Had a look in the Event log (I'd forgotten all about that feature, so thanks for reminding me Glenn), and whilst a lot of it looks like gibberish to me, I did see something about HDD controller and drive "J".
Drive J looked to be one of the slots on the card reader, and it just so happens that I use a USB port on that reader for my wireless adapter.
So I moved the wireless adapter to a port round the back and the machine booted up.
I've uninstalled it and (touch wood) all seems to be working fine now.
I've been using that card reader and usb port for years under XP, so why it suddenly decides it doesnt like it under W7 suggests the latest drivers which W7 installed automatically are rubbish.
Anyway, I can live without it.
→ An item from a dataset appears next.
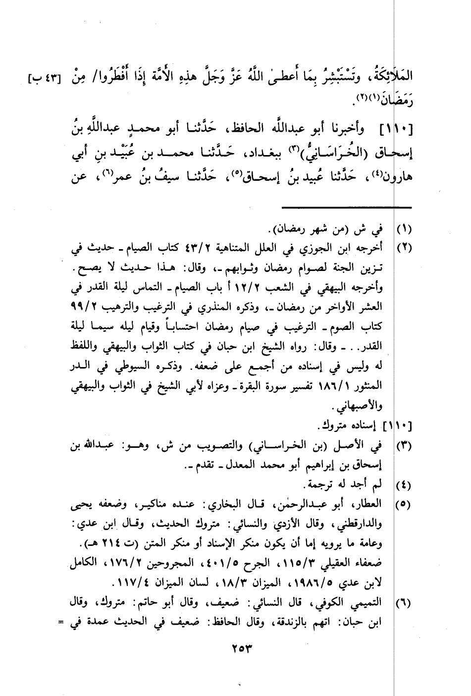 110 - وَأَخْبَرَنَا أَبُو عَبْدِ اللَّهِ الْحَافِظُ، حَدَّثَنَا أَبُو مُحَمَّدِ بْنُ عَبْدِ اللَّهِ بْنِ إِسْحَاقَ الْخُرَاسَانِيُّ، بِبَغْدَادَ، حَدَّثَنَا مُحَمَّدُ بْنُ عُبَيْدِ بْنِ أَبِي هَارُونَ، حَدَّثَنَا عُبَيْدُ بْنُ إِسْحَاقَ، حَدَّثَنَا سَيْفُ بْنُ عُمَرَ، عَنْ -[254]- سَعْدِ بْنِ طَرِيفٍ، عَنِ الْأَصْبَغِ، عَنْ عَلِيٍّ رَضِيَ اللَّهُ عَنْهُ قَالَ: §أَنَا حَرَّضْتُ عُمَرَ رَضِيَ اللَّهُ عَنْهُ عَلَى الْقِيَامِ فِي شَهْرِ رَمَضَانَ أَخْبَرْتُهُ أَنَّ فَوْقَ السَّمَاءِ السَّابِعَةِ حَظِيرَةً يُقَالُ لَهَا حَظِيرَةُ الْقُدُسِ يَسْكُنُهَا قَوْمٌ يُقَالُ لَهُمُ الرُّوحُ، فَإِذَا كَانَ لَيْلَةُ الْقَدْرِ اسْتَأْذَنُوا رَبَّهُمْ فِي النُّزُولِ إِلَى الدُّنْيَا، فَلَا يَمُرُّونَ بِأَحَدٍ يُصَلِّي أَوْ عَلَى الطَّرِيقِ إِلَّا أَصَابَتْهُ مِنْهُمْ بَرَكَةٌ، فَقَالَ لَهُ عُمَرُ: يَا أَبَا الْحَسَنِ فَتُحَرِّضُ النَّاسَ عَلَى الصَّلَاةِ حَتَّى تُصِيبَهُمُ الْبَرَكَةُ، فَأَمَرَ النَّاسَ بِالْقِيَامِ قَالَ الشَّيْخُ رَضِيَ اللَّهُ عَنْهُ: تَفَرَّدَ بِهِ عُبَيْدُ بْنُ إِسْحَاقَ الْعَطَّارُ، عَنْ -[255]- سَيْفِ بْنِ عُمَرَ هُوَ إِنْ صَحَّ مَعَ مَا قَبْلَهُ فَفِيهِمَا إِخْبَارٌ عَنْ نُزُولِ الْمَلَائِكَةِ وَتَسْلِيمِهِمْ عَلَى الْمُسْلِمِينَ لَيْلَةَ الْقَدْرِ، وَفِي كِتَابِ اللَّهِ تَعَالَى بَيَانُ ذَلِكَ

Lets hope that's the end of it.
Thanks Glenn as always, for taking the time to assist, I really appreciate it

pctech

USB devices can sometimes cause Windows to stall as they can be slow to respond to hardware enumeration (detection) which happens when you see the starting Windows screen.

How old is the wireless adapter?



stevenrw

Its probably a couple of years old now, its one of those tiny Edimax Nano jobbies and I have to say I've been pretty impressed. Its every bit as good as my much larger (much more expensive) Netgear WNDA3100v2, albeit 150 compared to 300 but that's largely academic with my attainable speed. Now W7 is working properly on my old machine it picks up the signal and connects pretty much immediately.